タリバンが数ヶ月、あるいはそれ以前から、地元の役人を集めたり、脱走させたりする交渉を行っていたのに対し、ミリー統合参謀本部議長は、アメリカの諜報機関が、タリバンがカブールを占領する11日前になっても、「1975年のサイゴンにはならない」と考え、政権が冬、ないしは春まで持ちこたえると確信していたことを認めた。そのため、アメリカ人や協力者たちの具体的な国外退避計画も立てられていなかったという。
一方、情報機関は、2020年2月のトランプ大統領とタリバンのドーハ合意後、アメリカの撤退後にタリバンの台頭は「避けられない」という結論に達していた。そのため、今年の春、ミリーとマッケンジーがバイデン大統領に、2500人から3500人の米兵をアフガニスタンに配備し続けるよう提言していたという。

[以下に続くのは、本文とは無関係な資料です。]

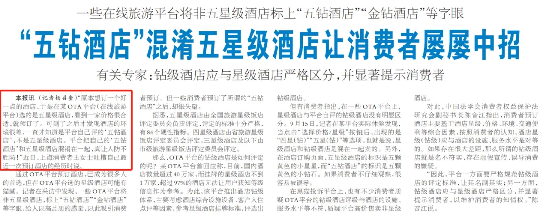 此前上海一消费者在某OTA平台(在线旅游平台)选的是五星级酒店,可到了之后才发现酒店的环境很差,一查才知道是平台自己评的“五钻酒店”。

しかし、バイデン大統領は8月19日のテレビインタビューで、大統領が提案した8月末のアフガニスタン撤退に対し反対した軍事顧問は一人もおらず、約2500人の米兵を駐留させることを誰も望んでいなかったと主張していた。米『ナショナルレビュー』によると、インタビューでは、「軍事顧問らは、8月末の撤退について警告していた。彼らは約2500人の兵力を維持することを望んでいた」はずだとの指摘に対し、バイデン大統領は「 いや、提言はされなかった。意見は分かれていた。それは真実ではない。」と答えていた。インタビュアーに「あなたの軍事顧問は、2500人の部隊を残すべきだとは言わなかったのか。ここ数年、安定した状況が続いている。今後もそうすることができる、と言われなかったのか?」と問い直されたところ、「思い出せる限りでは、誰もそんなことは言わなかった。」と回答していた。
『ナショナルレビュー』は、軍事顧問らの証言がバイデン大統領の発言と食い違っていることに対し、「最も単純な説明は、バイデンが単に嘘をついたということだ。しかし、数ヶ月前、大統領の任期中の最も重要な決定を下す際に、軍事顧問が何を推奨したか、バイデンが本当に覚えていないという可能性もある。大統領がテレビインタビューで嘘はつかなかったと主張するならば、バイデンが会議で提言されたことを覚えているかどうかを問うことは許されるのだろうか。」と報じている。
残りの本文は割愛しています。